Improvements on a Hydraulic Impact Piston for Percussive Rock Drilling

Abstract: This Master Thesis was done at Atlas Copco Rock Drills AB in Örebro. It treats how the geometry of impact pistons in hydraulic percussive rock drill hammers can be improved. The material in these pistons is highly loaded during each impact and there are cases where fatigue failure has occurred. One critical location for fatigue damage is the fillet between the boom and the tail of the piston. This is because the stress pulse from the impact is amplified in this area.
By developing a full transient analysis for a piston in ANSYS, and by using design optimization, a new type of fillet was constructed from a cubic b-spline. This new fillet has the same length as the old fillet, a double radius fillet, on the piston tail, but it has 12‒16% lower maximum stress range, depending on the stress measure. A special feature with this fillet is that it is cut into the material of the boom. In that way it could be longer than the double radius fillet which enables a larger radius of curvature and a longer distance to “lead” in the stress pulse into the tail. This results in lower stress ranges in the fillet.
Several multiaxial stress fatigue methods were used to analyze the fatigue damage in the old double radius fillet and in the new undercut fillet. It was found that the double radius fillet has a safety factor of 0.98‒1.08 to infinite fatigue life and the undercut fillet has a safety factor of 1.10‒1.23 to infinite fatigue life, depending on the fatigue method. Because infinite fatigue life normally corresponds to 106 ‒107 equivalent stress cycles, and the piston is desired to withstand close to one billon impacts, the old double radius fillet does not leave any margins to effects which can occur in the giga-cycle regime. The undercut fillet on the other hand leaves some margins to these kinds of effects. Unfortunately, no fatigue parameters were known for the material in the considered piston, so they were estimated from empirical relations.

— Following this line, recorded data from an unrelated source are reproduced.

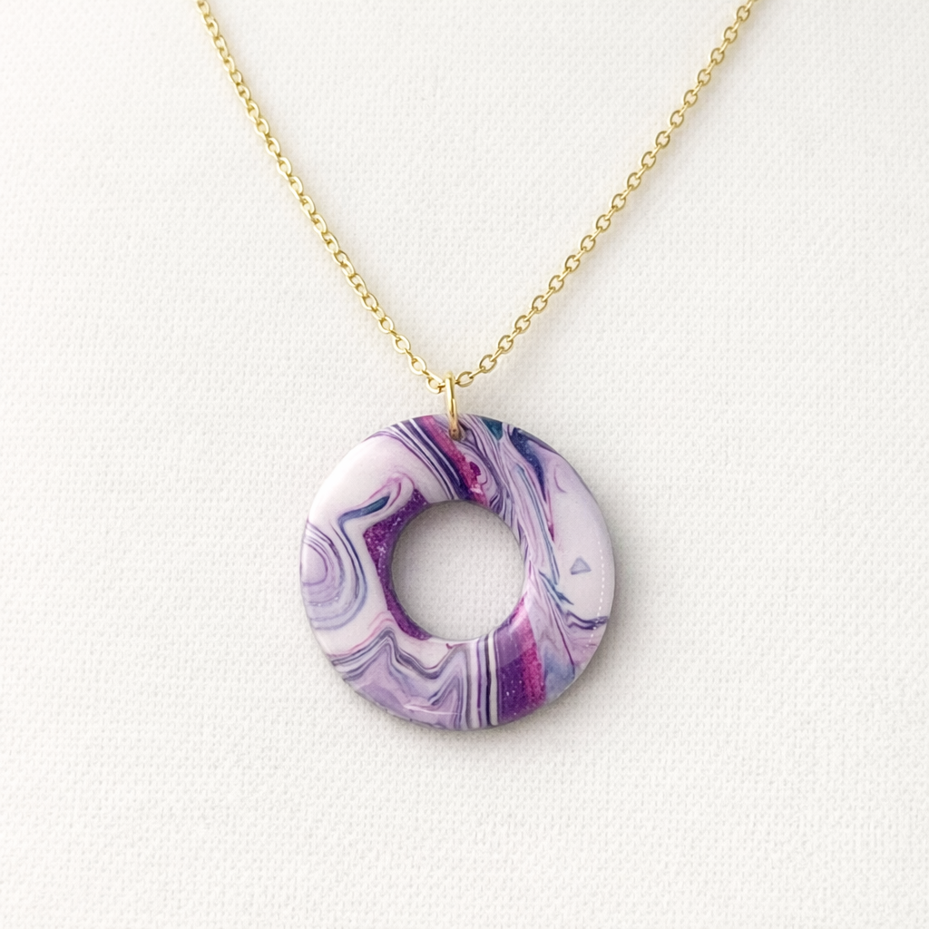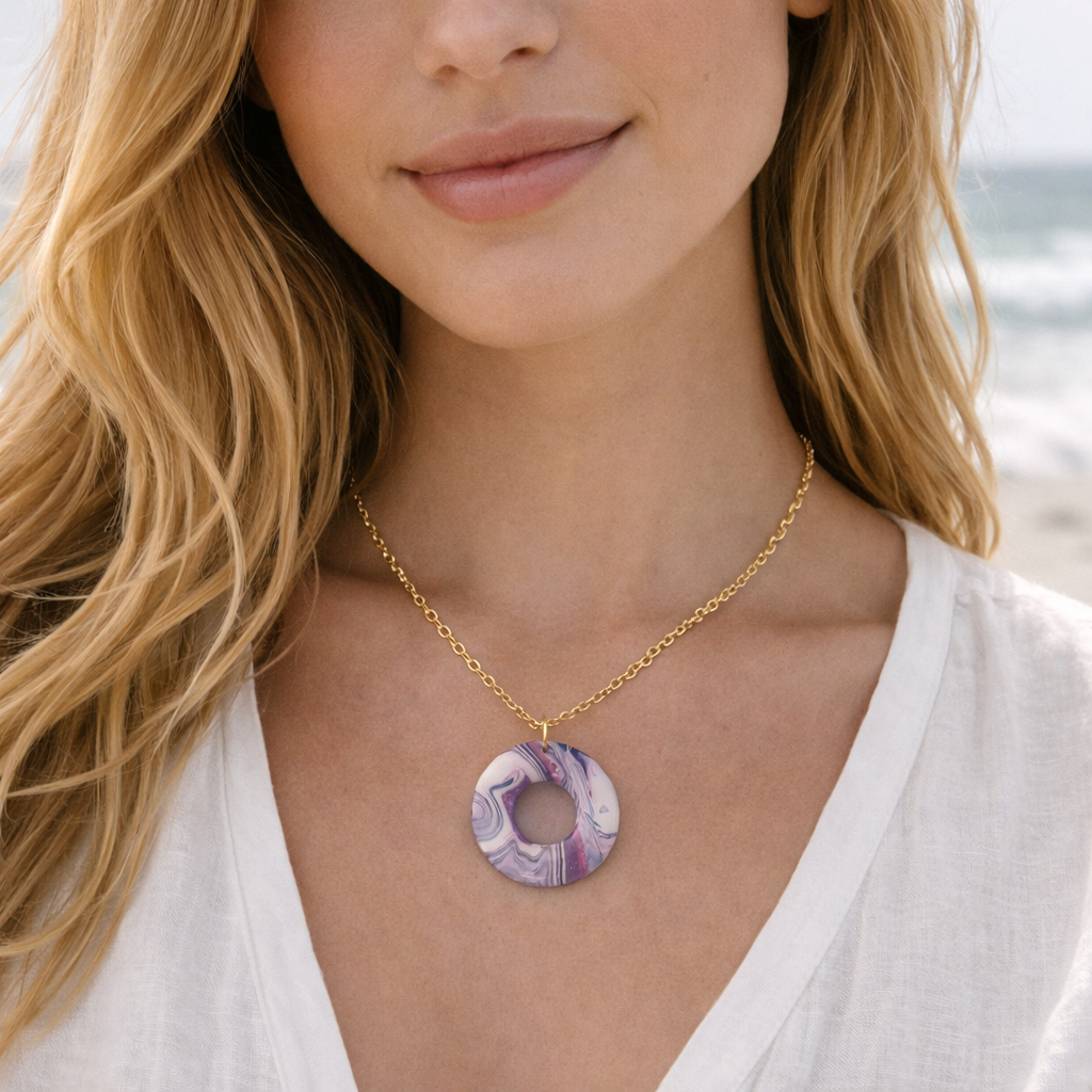 Handcrafted from polymer clay and finished with a glossy resin coat, each piece carries natural variations in color and pattern—intentional imperfections that make every piece one of a kind. The gold-filled chain rests comfortably at the collarbone, making this an easy, everyday necklace with character.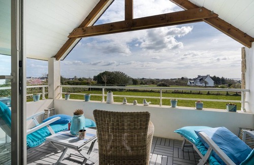 - Sala de estar con zona de estar (sofá, sillones, TV) que da a la logia orientada al sur y ofrece una hermosa vista de la bahía de Plouharnel.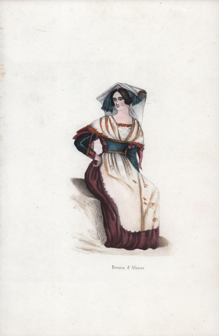 Costume popolare tratto da "Usi e costumi sociali, politici e religiosi di tutti i popoli del mondo da documenti autentici e dai viaggi migliori e piu recenti …" di Nicolas Dally. Stampata a Torino dallo Stabilimento tipografico Fontana, nel 1844.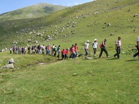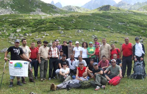 Geziye katılanlar 3 saat devam eden yürüyüşün ardından Kaçkar Zirvesinin eteklerindeki Derebaşı gölüne vardılar.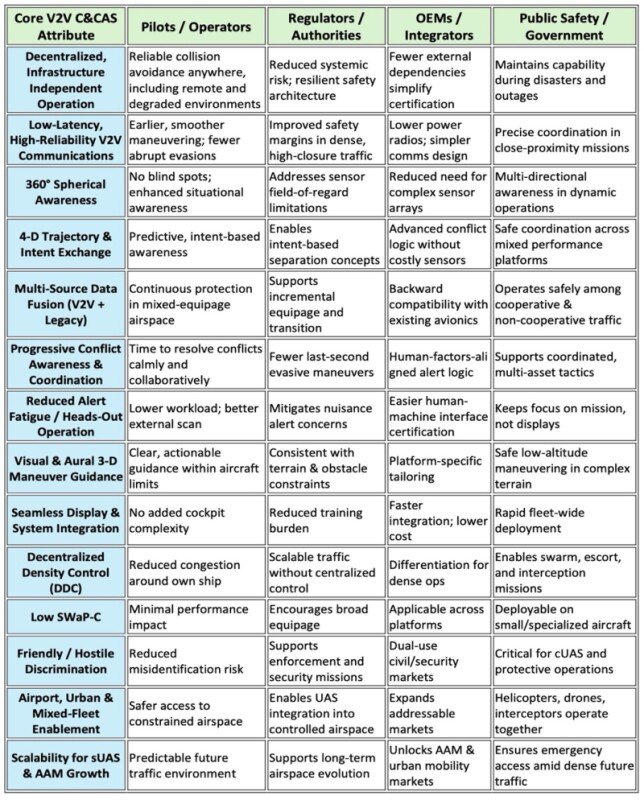 Table 1 - V2V C&CAS - Executive Operational Benefits Matrix
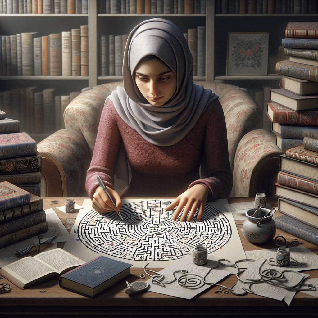 a person connecting dots on a piece of paper, contemplating a map of interconnected ideas—as if exploring multiple interpretations and meanings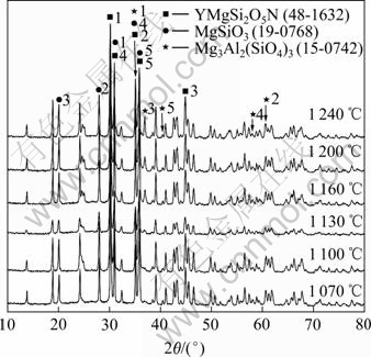 在确定了样品的最佳核化温度(920 ℃)和核化时间(10 h)之后,将基础玻璃在920 ℃保温10 h核化,再分别在1 070、1 100、1 130、1 160、1 200和1 240 ℃下保温1 h晶化。图6所示为根据以上热处理制度制备的微晶玻璃样品的XRD谱。从图6可知,不同晶化温度下制备的微晶玻璃的析晶度都很高,因此样品晶化1 h已足够,没有必要再延长晶化时间。XRD分析表明:晶化温度对所制备的氧氮微晶玻璃中的析出物相的种类影响较小,所有样品同样都含有YMgSi2O5N、MgSiO3和少量的Mg3Al2(SiO4)3相,其中YMgSi2O5N为主晶相;随着晶化温度的升高,2θ=37?衍射峰的强度逐渐增强,而此衍射峰对应于Mg3Al2(SiO4)3相的特征衍射峰。因此,随着晶化温度的升高,Mg3Al2(SiO4)3相的含量逐渐增加。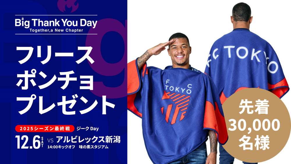 To commemorate the holding of "Big Thank You Day," we will present an original design "Fleece Poncho" to the first 30,000 attendees so that you can warmly and comfortably support this important final match of the season.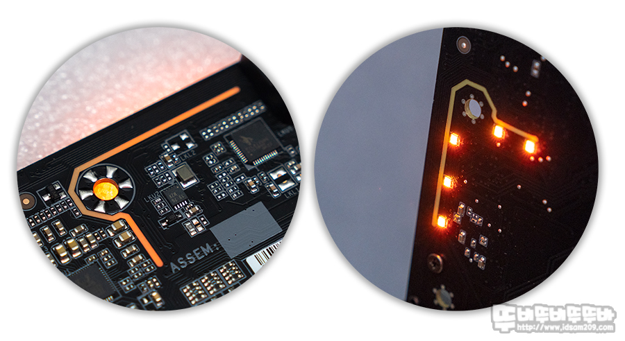 오디오 노이즈 가드 부분에는 메인보드에 전원공급 시 LED 라이팅으로 PCB 상단에 LED가 투영됩니다.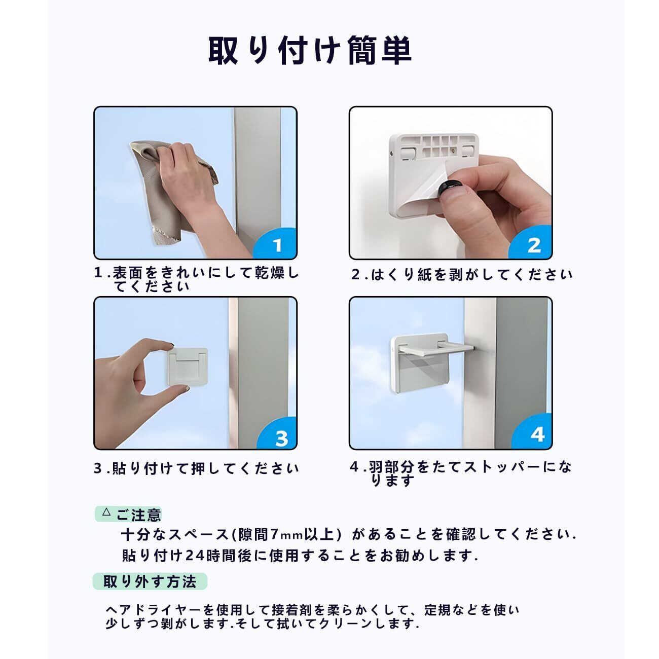 【跡の残らなく剥がせ】この引き戸 ストッパーは両面テープの粘着力が強く、丈夫で実用的です。剥がす時には壁紙を傷付けず取れたできます。上手の方法は強力なシールの糊はドライヤーで温めて10分ぐらいしてからゆっくりとはがすと跡が残り難いです。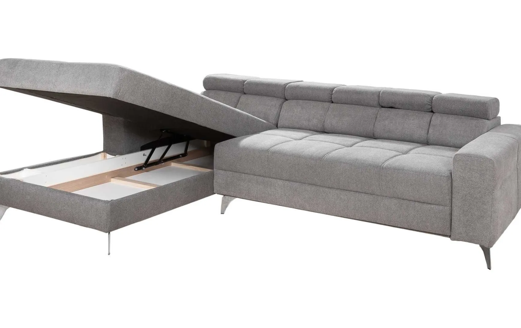 Die manuell verstellbaren Kopflehnen bieten zusätzlichen Halt und ermöglichen eine individuell angepasste Sitzposition. In der Ottomane befindet sich ein großzügiger Bettkasten, perfekt für Decken, Kissen oder saisonale Textilien. Der Sitzkomfort basiert auf Komfortschaum in Kombination mit einer Wellenunterfederung – ein Aufbau wie bei hochwertigen Polstermöbeln, der langlebige Bequemlichkeit garantiert.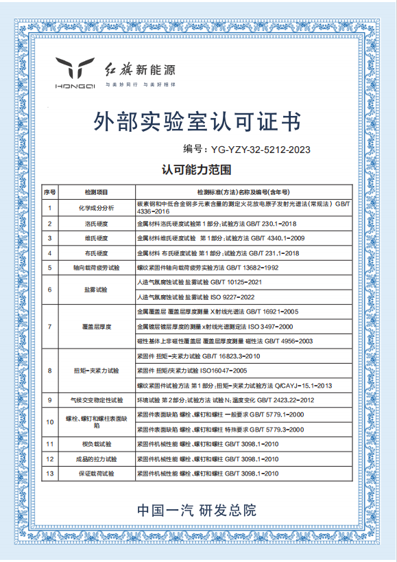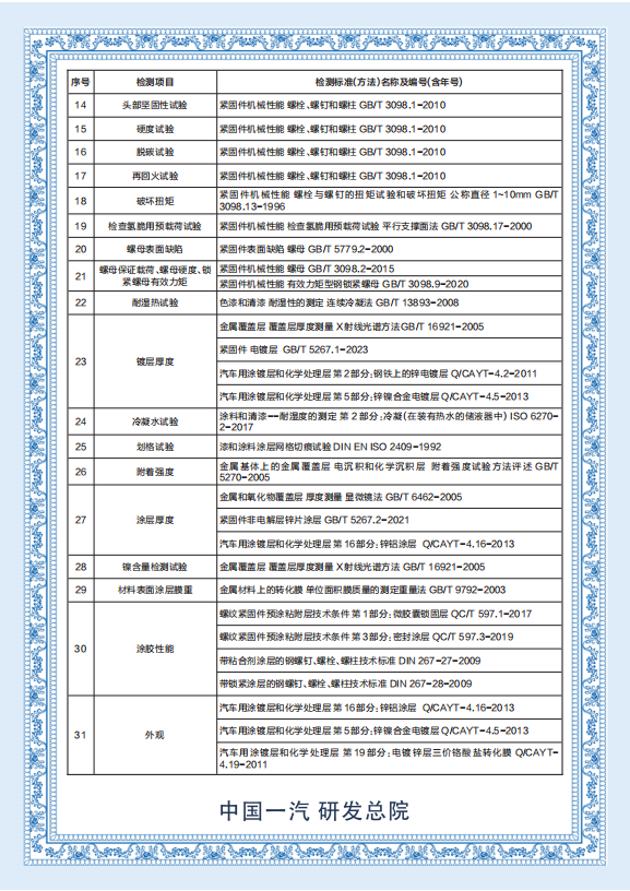 一汽研发总院---富奥汽车零部件股份有限公司紧固件分公司检测中心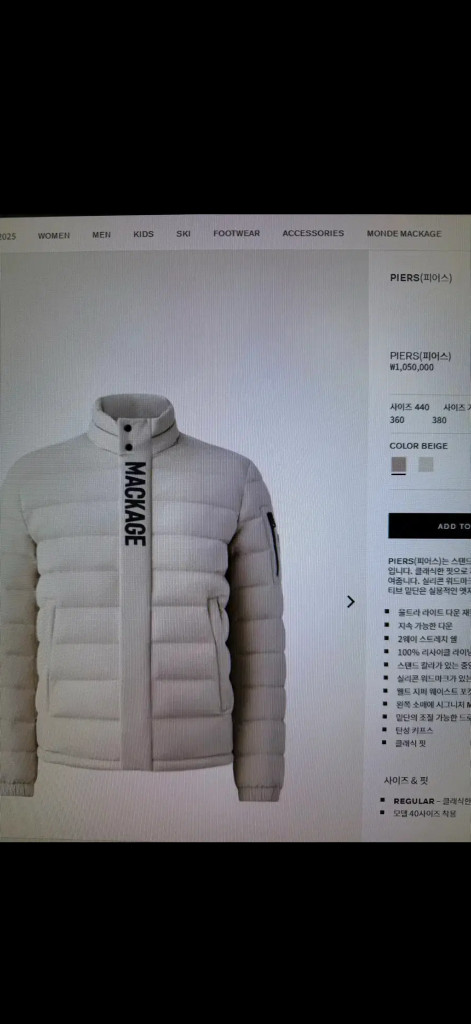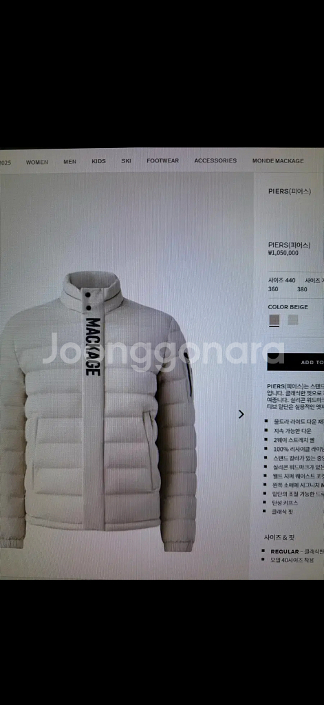 맥케이지 피어스 경량패딩 44사이즈(100)

During the work with the undercut fillet it was realized that the weight of the impact piston can be reduced by minimizing the weight of the piston tail without affecting its performance. By using design optimization with the constraint that the maximum stress range in the piston tail should not be larger than the maximum stress range in the double radius fillet, its weight was reduced by 38%. With this change in mass, less energy is needed to accelerate the piston and less reflection energy is needed to be damped out.